Thinking about last winter made me start thinking about how my family was split for 6 months. I remember driving the hours to stay for a long weekend and how my heart would break when we had to travel back without half my family. I had forgotten how it tore at my heartstrings to not be here for my son's band concerts or school meetings. I had forgotten the desperation to see my husband even if it were for just one night and a day. There are many things I have started to take for granted just being up here for the last 6 months.
It was my friends and family who helped us get through being apart for 6 months. You know who you are (assuming you even glance at my blog) and I'll be forever grateful for putting us up and putting up with us! Hahaa!
I do not regret that time of separation as difficult as it was. We learned so many things about one another. Some relationships became closer. Some people were not taken for granted as often. Some hurts were healed. And deeper friendships were developed.

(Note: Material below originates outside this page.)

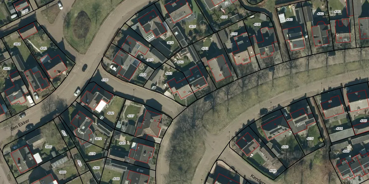 Gebruik de zoekbalk of klik op een perceel voor informatie over de adressen binnen dit perceel.

I am so glad that we have built a family together here. Sure I miss my family and friends that we left behind. But The Country has been a positive influence in my family. My boys are doing well in school and are enjoying new friends. We are experiencing things in The Country we would never have the opportunity to explore in The Big City. Things are slower here. Smaller...more accountable. And closer. You tend to treat people differently when you know you will bump into them anywhere.
Nothing is a guarantee. No one knows what tomorrow will bring. Living one day at a time with what you are given today is the secret to happiness and satisfaction.